Sources within the party told the reporters that during a day-long post-mortem in Delhi, the leadership openly acknowledged that the electoral debacle was not merely the result of adverse alliances or campaign missteps, but a reflection of deep organisational decay. “The results have exposed the hollowness,” a senior AICC functionary said on condition of anonymity. “There is a leadership, but there is no organisation beneath it.”
The directive is unusually specific. The state unit has been instructed to dismantle the existing structure—widely seen as moribund at district and block levels—and build a new one anchored in leaders with verifiable grassroots networks rather than notional loyalty. For years, the Bihar Congress has operated through a small coterie in Patna, while most district and block committees remained either defunct or on paper only. The high command has made it clear that a cosmetic reshuffle will no longer suffice.
The move marks a significant departure from past practice. Since the departure of veteran leader Ashok Chaudhary to the JD(U) nearly a decade ago, Bihar has seen four state presidents—Madon Mohan Jha, Kaukab Quadri, Akhilesh Prasad Singh, and now Rajesh Ram—none of whom were provided a full state committee, let alone a functioning lower-tier apparatus. The result: a party that could mobilise crowds when Rahul Gandhi or Priyanka Gandhi Vadra visited, but struggled to translate central star power into votes on polling day.
Political analysts see the ultimatum as an admission that the Congress’s national revival project cannot succeed without fixing its weakest large-state unit. Bihar sends 40 members to the Lok Sabha; a moribund state unit drags down the party’s bargaining power within the INDIA bloc and its ability to challenge the dominant NDA combine.

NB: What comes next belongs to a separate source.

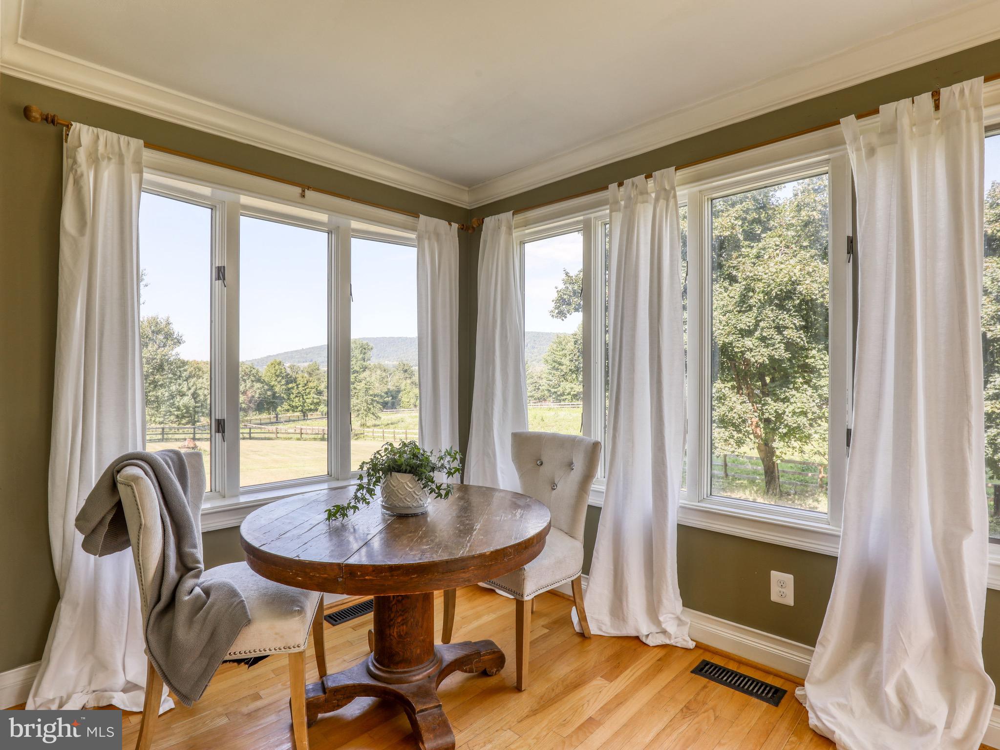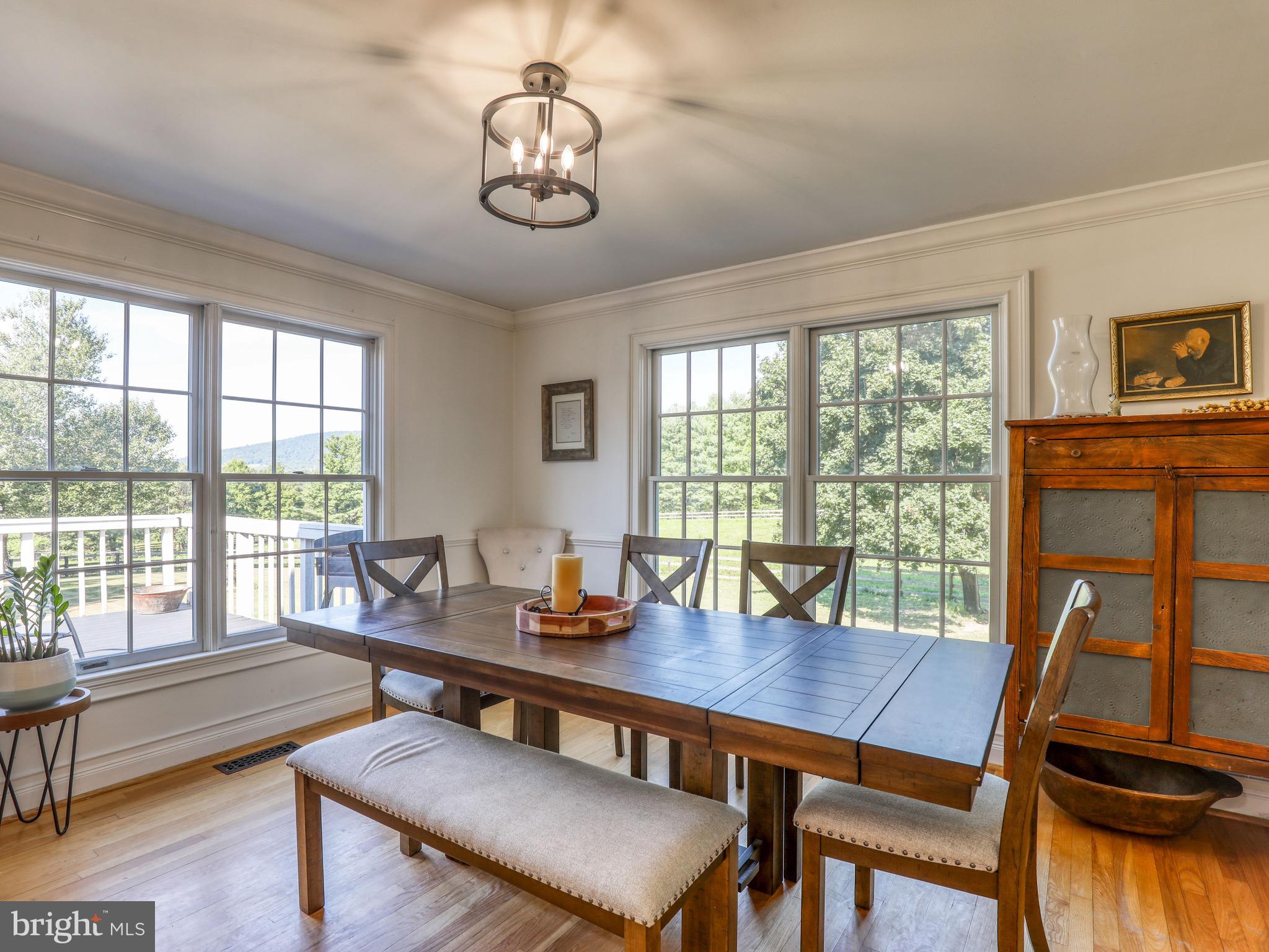 Scenic mountain views with almost 5 level acres on Historic Snickersville Turnpike in coveted Bluemont, non HOA. Enjoy the quiet country lifestyle with the ability to have farm animals, star-filled nights, gardens and so many options. Horse-ready with fenced pastures, 4 stall barn with tack room and office space, run-in shed. Newly finished insulated detached garage/workshop or could be converted to two car garage.. New stone Patio (2022), Trex deck and screened-in porch with pastoral/mountain views. Amazing deal for nearly 5 acres with a barn, fencing and mountain views. Don't miss it. Just a few minutes and easy access to Rt. 7 for an easy commute. 10 minutes to Purcellville. High speed internet.

Whether Mr Ram and Mr Allavaru can deliver by the January deadline remains uncertain. Internal factionalism, scarce financial resources, and the perennial difficulty of attracting credible second-rung talent in a state where power has long resided with the BJP-JD(U) combine and the RJD pose formidable hurdles.
For now, the message from Delhi is unambiguous: rebuild a fighting organisation on the ground, or the Bihar Congress risks sliding into permanent irrelevance.